Однако нам следует вернуться к работникам гарема. Если рассматривать султан-валиде как правительницу гарема, то начальник черных евнухов — это ее премьер-министр. О его обязанностях говорилось в одной из предыдущих глав, но здесь я могу повторить, что он отвечал за женщин гарема и во многом от него зависело, заметит ли какую-то из них султан. Главному евнуху помогали подчиненные ему многочисленные черные евнухи. Он был посредником между матерью султана и женщинами гарема, а также между султаном и внешним миром. Фактически он являлся одним из самых высокопоставленных «мужчин» в империи, и его интересы и влияние распространялись далеко за пределы Сераля. Непосредственного участия в организации жизни гарема он не принимал. Эти обязанности были возложены на женский кабинет, или, если его можно так назвать, тайный совет. Его возглавляла распорядительница гарема (кетхуда, или киайя), которая обычно считалась заместителем правительницы гарема; временами она выступала в роли своего рода экономки и управительницы. Практически равной ей по статусу и, по мнению некоторых авторитетных исследователей, тоже заместителем правительницы была казначей (хазыне-дар-уста). Она не только вела учет текущих расходов гарема — очень больших и запутанных, но отвечала и за выплату денег «на булавки», кому они были положены, а также пенсий тем, кто переехал из Сераля в Старый Сераль.
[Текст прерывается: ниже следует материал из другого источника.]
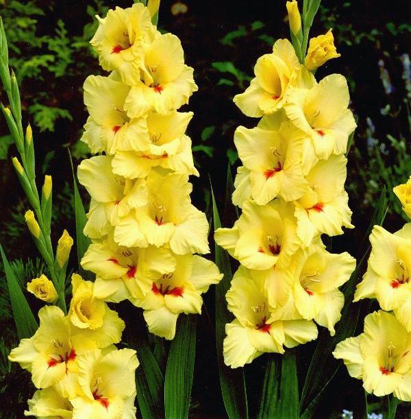 Гладиолус крупноцветковый Платини (Gladiolus Platini) – появляется с гроздьями великолепных золотисто-желтых цветов. Каждый жизнерадостный цветок украшает фирменная красная маркировка, что делает этот эффектный сорт поистине выдающимся. Каждый крепкий стебель достигает 60 дюймов в высоту и сопровождается прекрасной, копьевидной зеленой листвой. Гладиолус Платини великолепно работает при большом количестве солнечного света и влажной, хорошо дренированной почве. Чередуйте посадки каждые две недели в течение полного сезона непрерывного цветения. Соедините Гладиолус крупноцветковый Платини с другими красочными гладиолусами вдоль бордюров или срежьте и принесите блеск в помещение.

В кабинет также входили: хранительницы гардероба, драгоценностей, кладовых, столовых приборов, смотрительница бань, чтица Корана и т. д.

Все эти посты, предполагающие большое доверие и ответственность, занимали женщины, постепенно достигшие высот в постижении всех гаремных наук, но которые не смогли стать кадинами. Таким образом, это было своего рода компенсацией за то, что их «обошли». Любви — по крайней мере, мужской любви — они были лишены, и все, на что они могли надеяться, — это получить какой-нибудь высокий пост в гареме. Во всяком случае, это могло принести им благосостояние и определенную власть. Снисходительный султан мог даже жениться на них, вместо того чтобы отсылать их доживать свой век в Старый Сераль.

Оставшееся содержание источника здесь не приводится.